** Opening Recorded information block **

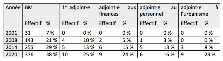 [20] La part des femmes parmi les candidat·es des minorités visibles est légèrement inférieure à celle des femmes parmi les candidat·es en général en 2001 et 2008 mais elle s’aligne à partir de 2014. La parité hommes/femmes dans les bureaux municipaux est respectée dès 2001, avec une surreprésentation des femmes en 2001 et 2008, qui tend à s’amenuiser dans les mandats suivants. Ainsi en 2001, les femmes représentent 34,1 % des membres des bureaux municipaux alors que celles appartenant aux minorités visibles y représentent 53,6 % des élu·es minorités visibles. Cet écart, qui peut s’expliquer par le faible nombre d’individus concernés en 2001, s’atténue dès 2008 pour devenir marginal en 2020.
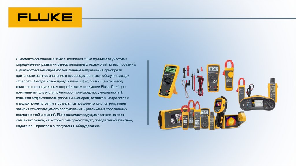 возможностей и знаний. Fluke занимает ведущие позиции на всех
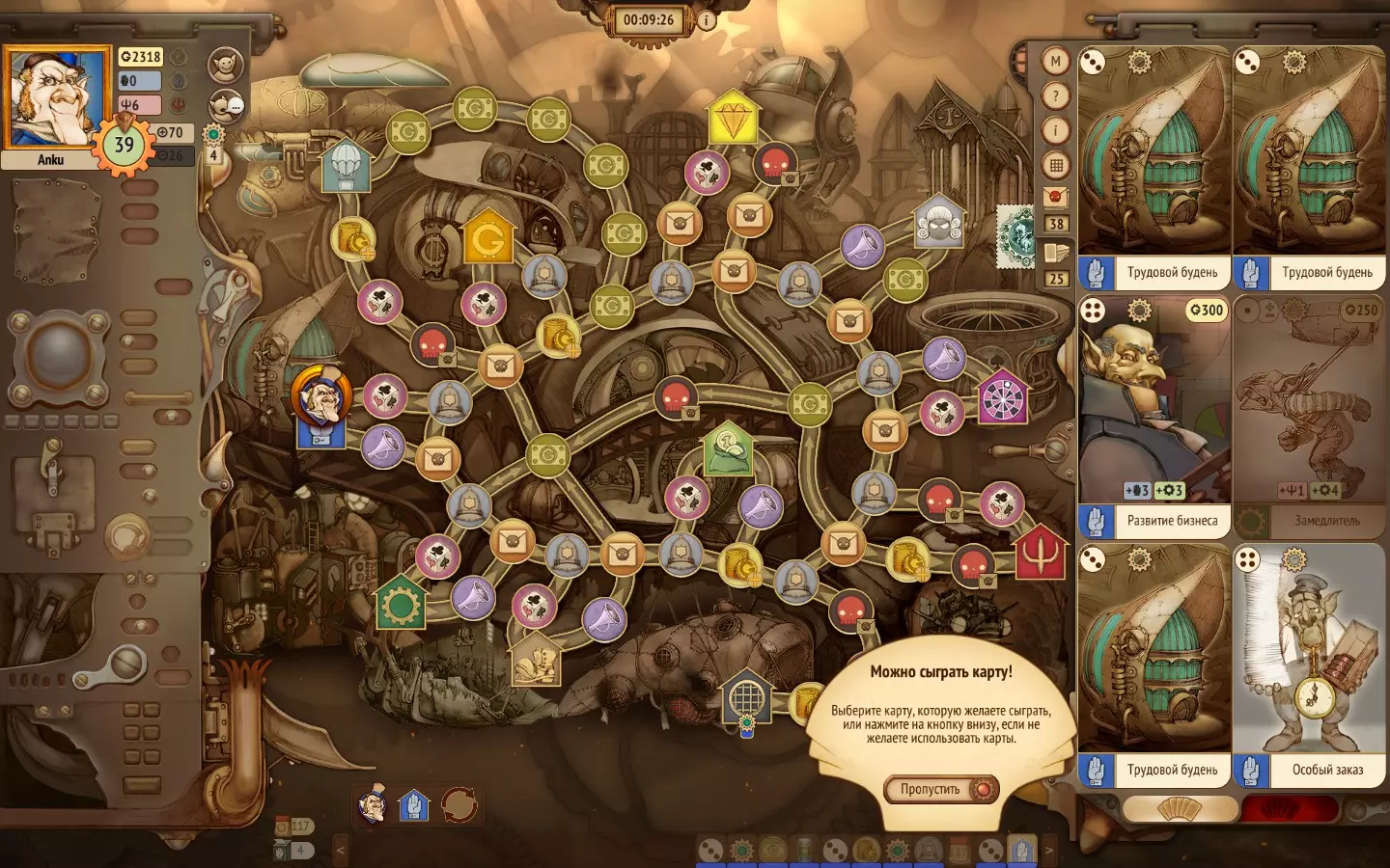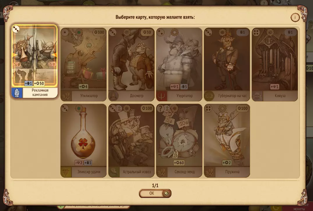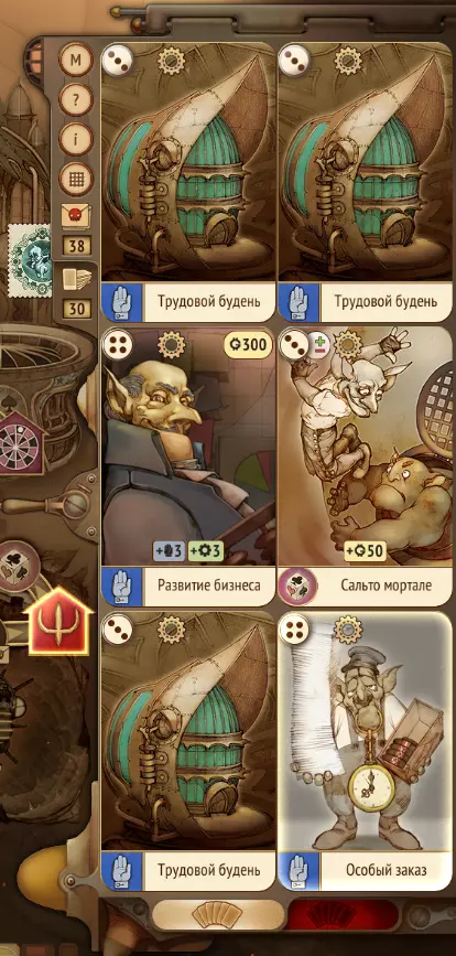 为此就需要用到【特殊订单】和【业务发展】这两张卡。它们能让我们选择一张卡来替换已打出的卡。这并不能100%保证获得需要的卡,但能大幅提高概率。在这种情况下,我运气不错,提供的可选卡牌中就有一张【办公室】卡。

** Closing Recorded information block **

### Activity
Word for word, restate all of the material above except its pictures.

### Exercise result
 [20] La part des femmes parmi les candidat·es des minorités visibles est légèrement inférieure à celle des femmes parmi les candidat·es en général en 2001 et 2008 mais elle s’aligne à partir de 2014. La parité hommes/femmes dans les bureaux municipaux est respectée dès 2001, avec une surreprésentation des femmes en 2001 et 2008, qui tend à s’amenuiser dans les mandats suivants. Ainsi en 2001, les femmes représentent 34,1 % des membres des bureaux municipaux alors que celles appartenant aux minorités visibles y représentent 53,6 % des élu·es minorités visibles. Cet écart, qui peut s’expliquer par le faible nombre d’individus concernés en 2001, s’atténue dès 2008 pour devenir marginal en 2020.
 возможностей и знаний. Fluke занимает ведущие позиции на всех
 为此就需要用到【特殊订单】和【业务发展】这两张卡。它们能让我们选择一张卡来替换已打出的卡。这并不能100%保证获得需要的卡,但能大幅提高概率。在这种情况下,我运气不错,提供的可选卡牌中就有一张【办公室】卡。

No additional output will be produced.